Expressão de gênero: é a forma como a pessoa manifesta sua identidade em público. Por meio de uma construção social, está atribuído a aparência, vestimentas, corte de cabelo e comportamento, ligados diretamente ao padrão de masculino e feminino.

Gay: homens que se sentem atraídos sexual ou afetivamente por outros homens.

Gênero fluido: indivíduo que pode se entender como homem ou como mulher, de acordo com momentos de vida, das situações e pode transitar entre outras identidades de gênero.

Identidade de gênero: trata-se da maneira que o indivíduo se sente como pessoa social. Refere-se a como a pessoa se identifica a partir de seu gênero.

Intersexual: em substituição ao termo hermafrodita, o intersexual define o indivíduo que, por uma questão genética, nasceu com características femininas e masculinas, como por exemplo, aparelhos reprodutores e genitálias.

Lésbica: trata-se da mulher que sente-se atraída afetiva ou sexualmente por outras mulheres.

Orientação sexual (ou afetiva): refere-se ao desejo do indivíduo de relacionar-se sexualmente ou afetivamente com outras pessoas.

Pansexual: refere-se a pessoa que se sente atraída romanticamente ou sexualmente por qualquer identidade de gênero ou sexo.

Queer: anteriormente usada para ofender a comunidade LGBTQIA+, o termo foi apropriado pela comunidade para indicar pessoas que não se encaixam na heterocisnormatividade (padrão).

Sexualidade: é geralmente relacionada à genética binária de masculino ou feminino. Ou seja: homem e mulher. No entanto, há diversas formas de expressar-se sexualmente que envolvem, inclusive, a orientação sexual ou afetiva particular a cada indivíduo.

Transexual / Transgênero: refere-se à pessoa que não se identifica com o gênero que lhe foi designado em seu nascimento. O transgênero pode ser, ainda, binário (que se entende como o gênero oposto ao que foi atribuído quando nasceu) ou não binário: que não se identifica com o gênero designado em seu nascimento e tampouco com o gênero oposto ao seu. Não necessariamente uma pessoa transgênero faz a cirurgia de redesignação sexual ou qualquer modificação em seu corpo, pois se trata de uma escolha particular.

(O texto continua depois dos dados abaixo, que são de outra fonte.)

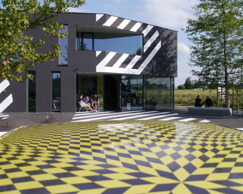 Das Entwurfskonzept geht also von einem Bauplatz aus, der als erweiterter Bestandteil des Straßennetzes mit Asphalt überzogen ist, aus dem sich die geforderte Baumasse rausdrückt bzw. hochzieht und folgerichtig mit einer asphaltgrauen Oberfläche, samt weißer Straßenmarkierungen überzogen in Erscheinung tritt. Die daraus resultierende, sehr stark grafische Erscheinung des Gebäudes wurde in weiterer Folge zum Leitfaden für das gesamte „Corporate Design“ des Unternehmens. Vom Firmenlogo bis hin zu den Beklebungen der Fahrschulautos findet diese Architekturkonzeption seine logische und überaus konsequente Fortführung und führt zu einem sehr eindeutigen Gesamterscheinungsbild der Fahrschule.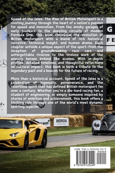 Speed of the Isles: The Rise of British Motorsport is a riveting journey through the heart of a nation's passion for speed and innovation. From the smoky garages of early pioneers to the dazzling circuits of modern Formula One, this book chronicles the evolution of British motorsport with a blend of rich historical narrative, technical insight, and human drama. Each chapter unfolds a unique aspect of the sport-from the inception of groundbreaking race cars and unforgettable rivalries to the tireless work of the unsung heroes behind the scenes. With in-depth profiles, detailed timelines, and thoughtful reflections on cultural impact, this book is both a tribute to the legendary past and a beacon for the future of racing. More than a historical account, Speed of the Isles is a celebration of ingenuity, perseverance, and the relentless spirit that has defined British motorsport for over a century. Whether you're a die-hard racing fan, a student of engineering, or simply someone inspired by stories of ambition and achievement, this book offers a thrilling ride through one of the world's most dynamic sporting legacies.

Travesti: grande parte da comunidade LGBTQIA+ entende que a travesti (tratada sempre no feminino) tenha sido designada em seu nascimento como do gênero masculino, mas tome hormônios, vista-se com características atribuídas ao feminino, mas não fazem a cirurgia de redesignação sexual.

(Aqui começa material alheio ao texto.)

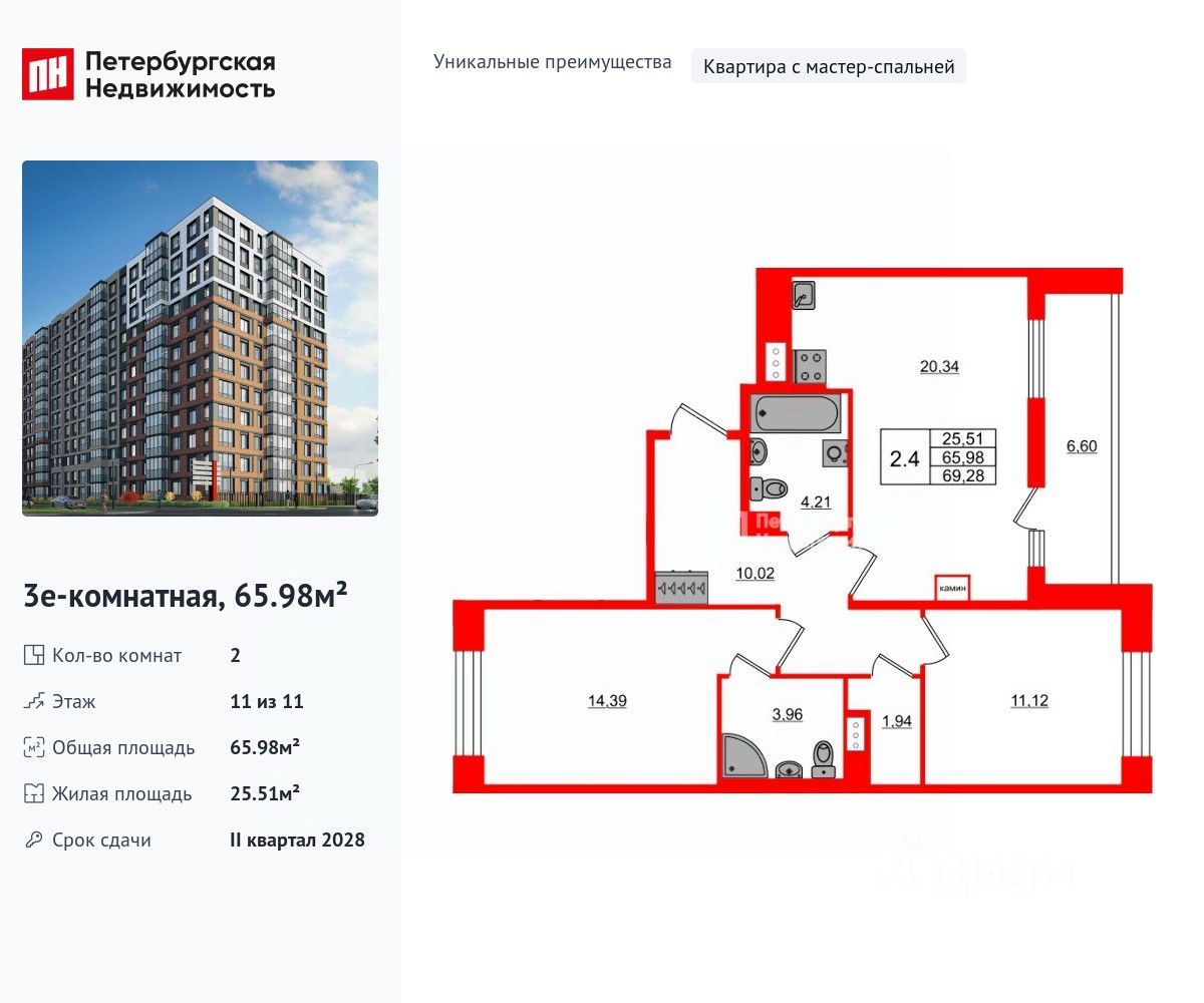 Уникальная, функциональная европланировка, большая кухня-гостиная 20.34 м², просторная прихожая 10.02 м². Общая площадь квартиры - 65.98 м², жилая 25.51 м², высота потолка 3 м.

Conquistas e formas de liberdade

No Brasil, desde 2011, a união civil entre casais do mesmo sexo foi concedida por meio de uma jurisprudência. O casamento homoafetivo, legalizado em nosso país, da mesma maneira, passou a valer em maio de 2013 e ainda hoje, alguns cartórios ilegalmente tentam se recusar a realizá-los.

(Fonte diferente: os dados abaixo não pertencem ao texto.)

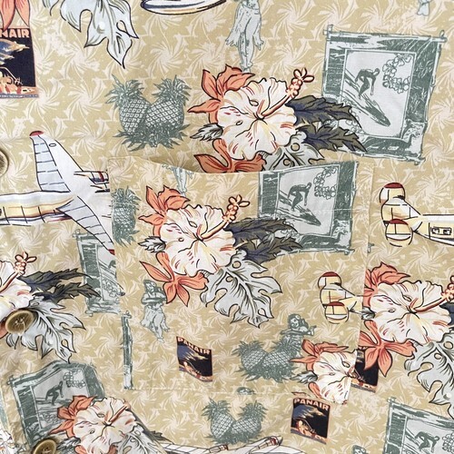 This OP Sport Hawaiian Shirt is perfect for those who loves a good summer vibe. It features a beige linen color with a graphic print of a Panair Bi-Plane, Hula girl, Surfer Dude and Hibiscus flowers.The short-sleeved shirt is made from a 100% cotton material and has a spread collar style with button closure.

Da mesma forma, o nome social para transexuais e travestis só foi aceito em unidades escolares ― desde a educação básica, por meio de uma resolução do então Ministro da Educação, Mendonça Filho, em janeiro de 2018. Sabemos que ainda há muitas conquistas a ser feitas.

Recentemente, discussões sobre doação de sangue, multiparentalidade e adoção foram reabertas no Brasil e liberadas também por meio de jurisprudência, com base em casos de sucesso na justiça brasileira. Resta torcer contra o preconceito e para que o respeito sempre prevaleça entre todos. Vamos celebrar!